Weekend of a Champion, de Frank Simon

 

Pourvu qu’il ne pleuve pas

Weekend of a Champion, de Frank SimonTrois jours au cœur d’un Grand Prix de formule 1 avec le pilote Jackie Stewart au sommet de sa gloire : le 18 décembre, Pathé ressort Weekend of a Champion, un splendide documentaire de Frank Simon et Roman Polanski très peu diffusé depuis sa sortie en 1972. Le film a fait partie de la sélection officielle du Festival de Cannes en 2013.

Tour d’essai. Caméra embarquée au-dessus du pilote, on avale avec lui le bitume de Monte-Carlo à 150 à l’heure sous la pluie. L’eau gicle, l’image tremble et la buée brouille les détails, les virages s’enchaînent en accéléré, droite, gauche, épingle, le moteur vrombit ; puis le noir soudain du tunnel, et enfin la ligne droite vers l’arrivée, prise à 250 dans ce flou total, où les pieds quittent le sol et l’estomac nous plane entre les côtes.

Grand Prix de Monaco, 1971, remporté sur Tyrell-Ford par le pilote Jackie Stewart, qui a décroché deux ans plus tôt son premier titre de champion du monde. Le réalisateur Roman Polanski, ami du conducteur, confie la caméra à Frank Simon pour devenir l’ombre et le disciple du pilote écossais des premiers essais à la ligne d’arrivée, en nous plongeant avec naturel et curiosité dans l’univers cru et coloré de la formule 1 des années 1970.

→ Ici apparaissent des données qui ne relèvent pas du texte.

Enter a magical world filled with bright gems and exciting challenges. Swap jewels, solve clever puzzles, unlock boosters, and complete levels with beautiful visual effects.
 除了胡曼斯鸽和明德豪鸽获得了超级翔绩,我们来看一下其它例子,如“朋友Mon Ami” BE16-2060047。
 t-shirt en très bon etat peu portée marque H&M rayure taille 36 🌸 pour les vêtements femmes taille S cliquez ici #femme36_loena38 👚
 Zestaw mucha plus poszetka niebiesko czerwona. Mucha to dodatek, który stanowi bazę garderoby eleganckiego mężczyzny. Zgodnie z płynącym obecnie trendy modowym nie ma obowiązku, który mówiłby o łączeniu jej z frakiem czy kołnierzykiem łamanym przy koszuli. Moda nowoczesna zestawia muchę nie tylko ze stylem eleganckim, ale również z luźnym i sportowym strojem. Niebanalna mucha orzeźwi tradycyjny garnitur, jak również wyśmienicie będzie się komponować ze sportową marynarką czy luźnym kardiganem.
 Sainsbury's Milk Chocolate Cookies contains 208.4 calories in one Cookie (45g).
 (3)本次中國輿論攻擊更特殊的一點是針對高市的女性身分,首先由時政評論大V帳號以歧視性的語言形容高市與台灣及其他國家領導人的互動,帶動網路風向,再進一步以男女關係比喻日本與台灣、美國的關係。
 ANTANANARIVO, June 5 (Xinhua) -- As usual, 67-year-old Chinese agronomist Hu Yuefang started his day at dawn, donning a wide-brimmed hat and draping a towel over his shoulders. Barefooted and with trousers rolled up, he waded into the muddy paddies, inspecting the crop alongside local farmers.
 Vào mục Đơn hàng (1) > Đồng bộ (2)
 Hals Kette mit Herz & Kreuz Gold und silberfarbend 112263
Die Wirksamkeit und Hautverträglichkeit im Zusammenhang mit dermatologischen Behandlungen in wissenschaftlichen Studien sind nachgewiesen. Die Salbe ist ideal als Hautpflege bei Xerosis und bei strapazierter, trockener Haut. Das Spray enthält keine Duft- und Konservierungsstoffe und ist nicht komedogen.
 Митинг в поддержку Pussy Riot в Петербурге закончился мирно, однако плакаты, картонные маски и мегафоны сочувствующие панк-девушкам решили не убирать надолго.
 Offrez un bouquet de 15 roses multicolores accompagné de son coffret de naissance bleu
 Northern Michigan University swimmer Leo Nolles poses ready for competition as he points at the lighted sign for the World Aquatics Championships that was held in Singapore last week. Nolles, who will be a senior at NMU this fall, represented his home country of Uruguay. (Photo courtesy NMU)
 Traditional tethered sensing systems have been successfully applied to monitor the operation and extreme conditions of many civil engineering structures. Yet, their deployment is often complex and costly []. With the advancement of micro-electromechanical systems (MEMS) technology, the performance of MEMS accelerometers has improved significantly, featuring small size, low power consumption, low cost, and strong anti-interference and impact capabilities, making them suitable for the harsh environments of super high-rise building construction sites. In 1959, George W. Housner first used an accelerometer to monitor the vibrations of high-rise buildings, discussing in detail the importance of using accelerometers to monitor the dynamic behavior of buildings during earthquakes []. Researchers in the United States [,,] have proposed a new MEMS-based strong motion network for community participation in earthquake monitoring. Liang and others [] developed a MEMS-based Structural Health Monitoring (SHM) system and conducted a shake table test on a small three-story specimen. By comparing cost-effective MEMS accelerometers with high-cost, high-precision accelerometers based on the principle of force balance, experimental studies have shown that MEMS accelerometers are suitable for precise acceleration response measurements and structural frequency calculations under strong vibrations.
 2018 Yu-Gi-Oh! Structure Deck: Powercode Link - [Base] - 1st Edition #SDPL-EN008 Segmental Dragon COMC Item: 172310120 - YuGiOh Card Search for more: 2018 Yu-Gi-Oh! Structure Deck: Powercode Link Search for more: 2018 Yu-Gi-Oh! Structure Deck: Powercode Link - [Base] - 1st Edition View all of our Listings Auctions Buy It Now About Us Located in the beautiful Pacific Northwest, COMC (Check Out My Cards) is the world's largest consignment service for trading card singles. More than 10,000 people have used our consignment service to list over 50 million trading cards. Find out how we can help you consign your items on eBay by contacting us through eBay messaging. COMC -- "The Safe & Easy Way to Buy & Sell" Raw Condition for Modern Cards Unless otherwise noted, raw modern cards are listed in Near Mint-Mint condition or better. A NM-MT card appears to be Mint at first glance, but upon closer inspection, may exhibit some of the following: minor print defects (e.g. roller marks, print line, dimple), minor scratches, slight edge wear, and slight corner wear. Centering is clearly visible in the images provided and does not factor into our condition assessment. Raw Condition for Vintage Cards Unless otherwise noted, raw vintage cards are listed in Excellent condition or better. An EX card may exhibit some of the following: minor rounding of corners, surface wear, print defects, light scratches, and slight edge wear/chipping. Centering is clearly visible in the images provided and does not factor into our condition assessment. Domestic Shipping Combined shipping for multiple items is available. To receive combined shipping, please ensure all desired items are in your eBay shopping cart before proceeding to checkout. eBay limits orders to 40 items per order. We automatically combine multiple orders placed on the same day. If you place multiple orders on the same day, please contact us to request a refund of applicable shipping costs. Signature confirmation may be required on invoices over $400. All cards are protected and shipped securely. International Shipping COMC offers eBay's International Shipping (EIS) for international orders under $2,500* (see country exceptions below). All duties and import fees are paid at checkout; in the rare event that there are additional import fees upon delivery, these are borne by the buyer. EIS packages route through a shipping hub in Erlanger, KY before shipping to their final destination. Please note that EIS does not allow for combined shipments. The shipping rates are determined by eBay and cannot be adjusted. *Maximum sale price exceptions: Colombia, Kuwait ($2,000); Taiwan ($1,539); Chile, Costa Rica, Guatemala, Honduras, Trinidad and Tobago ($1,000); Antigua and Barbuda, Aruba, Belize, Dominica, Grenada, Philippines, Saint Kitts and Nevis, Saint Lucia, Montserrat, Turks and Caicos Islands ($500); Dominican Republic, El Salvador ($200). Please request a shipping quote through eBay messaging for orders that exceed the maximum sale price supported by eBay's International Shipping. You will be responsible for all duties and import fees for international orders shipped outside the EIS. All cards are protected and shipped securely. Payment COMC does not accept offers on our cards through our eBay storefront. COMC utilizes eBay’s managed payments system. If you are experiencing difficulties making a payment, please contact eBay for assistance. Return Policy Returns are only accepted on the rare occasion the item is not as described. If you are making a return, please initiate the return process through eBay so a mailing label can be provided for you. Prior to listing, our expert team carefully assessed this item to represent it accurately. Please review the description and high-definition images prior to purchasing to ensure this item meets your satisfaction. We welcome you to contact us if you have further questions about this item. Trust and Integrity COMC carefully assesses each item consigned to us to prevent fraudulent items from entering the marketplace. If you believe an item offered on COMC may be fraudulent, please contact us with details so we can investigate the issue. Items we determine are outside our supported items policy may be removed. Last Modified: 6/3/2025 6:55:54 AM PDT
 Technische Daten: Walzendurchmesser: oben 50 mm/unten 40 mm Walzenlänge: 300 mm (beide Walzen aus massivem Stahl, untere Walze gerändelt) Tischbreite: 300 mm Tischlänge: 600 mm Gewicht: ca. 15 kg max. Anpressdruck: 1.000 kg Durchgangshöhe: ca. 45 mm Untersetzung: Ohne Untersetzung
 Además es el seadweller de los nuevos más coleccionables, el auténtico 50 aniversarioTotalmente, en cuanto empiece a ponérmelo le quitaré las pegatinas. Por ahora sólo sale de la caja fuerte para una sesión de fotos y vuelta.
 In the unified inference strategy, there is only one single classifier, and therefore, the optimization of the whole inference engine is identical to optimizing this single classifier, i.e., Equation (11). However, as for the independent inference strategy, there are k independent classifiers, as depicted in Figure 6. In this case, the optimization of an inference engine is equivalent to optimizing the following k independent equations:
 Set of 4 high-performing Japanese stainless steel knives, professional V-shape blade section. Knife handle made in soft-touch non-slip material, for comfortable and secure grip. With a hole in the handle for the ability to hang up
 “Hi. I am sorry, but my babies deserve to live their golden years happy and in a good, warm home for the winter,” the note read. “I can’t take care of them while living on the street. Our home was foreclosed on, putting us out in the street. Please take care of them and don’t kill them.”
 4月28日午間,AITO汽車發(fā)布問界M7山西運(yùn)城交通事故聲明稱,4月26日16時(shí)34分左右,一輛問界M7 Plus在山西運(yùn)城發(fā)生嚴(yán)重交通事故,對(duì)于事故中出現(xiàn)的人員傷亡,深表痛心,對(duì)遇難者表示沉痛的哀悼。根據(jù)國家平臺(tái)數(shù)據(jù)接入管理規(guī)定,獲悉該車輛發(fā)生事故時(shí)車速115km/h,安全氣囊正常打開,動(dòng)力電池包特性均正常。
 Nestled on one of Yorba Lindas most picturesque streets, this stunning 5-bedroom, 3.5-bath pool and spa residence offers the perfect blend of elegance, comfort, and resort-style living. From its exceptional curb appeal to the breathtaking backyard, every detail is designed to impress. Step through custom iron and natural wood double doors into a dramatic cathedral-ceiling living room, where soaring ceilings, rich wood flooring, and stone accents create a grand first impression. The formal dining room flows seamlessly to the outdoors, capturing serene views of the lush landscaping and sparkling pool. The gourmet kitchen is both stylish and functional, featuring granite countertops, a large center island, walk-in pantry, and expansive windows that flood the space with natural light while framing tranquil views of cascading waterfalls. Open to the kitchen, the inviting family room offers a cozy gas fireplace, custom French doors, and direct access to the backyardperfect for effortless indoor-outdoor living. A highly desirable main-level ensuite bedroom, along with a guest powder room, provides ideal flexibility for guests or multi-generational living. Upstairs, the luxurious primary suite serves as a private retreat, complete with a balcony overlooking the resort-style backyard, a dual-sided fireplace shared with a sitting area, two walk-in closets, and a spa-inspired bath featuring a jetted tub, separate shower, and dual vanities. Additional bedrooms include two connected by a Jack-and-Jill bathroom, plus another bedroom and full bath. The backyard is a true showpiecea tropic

Ne vous fiez pas au clinquant de la bande-annonce : pas la peine d’être fou de sports automobiles ni d’avoir lu Michel Vaillant toute son enfance pour apprécier le résultat. La caméra se promène dans un univers riche en anecdotes humaines comme en détails mécaniques, rendant de belles images aux tons passés qui sentent bon leur époque. Les vis rutilent, les mécanos plaisantent, les premières caméras embarquées de l’histoire de la F1 foncent sur le bitume, le couple princier observe depuis sa loge, et la foule en pattes d’éph se perche sur les palmiers, dans une ambiance de kermesse, sans craindre de laisser traîner un pied sur la piste où tournent les bolides.
Les yeux myosotis de la douce Mme Stewart se voilent d’inquiétude à mesure que le ciel se voile de nuages.
Et surtout, casque à la main et combinaison blanche marquée Goodyear sur le dos, Jackie Stewart se laisse tranquillement suivre, du confort de son hôtel à la folie des bains de foule, de la concentration des paddocks au cœur rugissant du circuit, partageant avec nous son sourire à fossettes, mais aussi ses tensions et sa science du pilotage dans les virages étroits de Monte-Carlo.

« Le freinage est très important, explique-t-il en observant les formule 3 faire leurs essais. Si l’équilibre des freins n’est pas au point, t’es dans la merde. L’équilibre avant/arrière. Les roues avant doivent presque bloquer avant les roues arrière. Les roues avant, tu peux les voir. Si les roues arrière se bloquent tu pars dans le virage, mais quand les freins avant se bloquent, au moins tu vois la fumée qui en sort sous les pneus. » Ainsi décortiquée simplement, d’explications sur circuit en métaphores au petit déjeuner, la voiture devient sous nos yeux une créature unique, vivante et respirante, que le pilote doit constamment maintenir tout juste sur le fil, quelles que soient les conditions de poids et de climat, pour ne pas la laisser filer vers l’extrême et le décor.

De cette richesse de matériel, Polanski et Simon tirent un documentaire structuré comme une histoire, un récit illuminé par la bonhommie de Jackie Stewart et assombri par l’évocation des nombreux pilotes morts en course au cours de la décennie. Stewart lui-même a été victime d’un accident huit jours auparavant. « [Parfois en course], tu te rends compte du monde froid, dur, horrible où tu vis, et tu as hâte que l’anesthésiant de la course fasse à nouveau effet. » Et connaître la fin n’empêche pas de se tendre, à quelques tours de l’arrivée, alors que les longs doigts d’Helen Stewart se crispent autour de son chronomètre, parce que le tonnerre vient de gronder deux fois.

 
Weekend of a Champion de Frank Simon, avec Jackie Stewart, Helen Stewart, Roman Polanski… Angleterre, 1971. Sortie le 18 décembre 2013.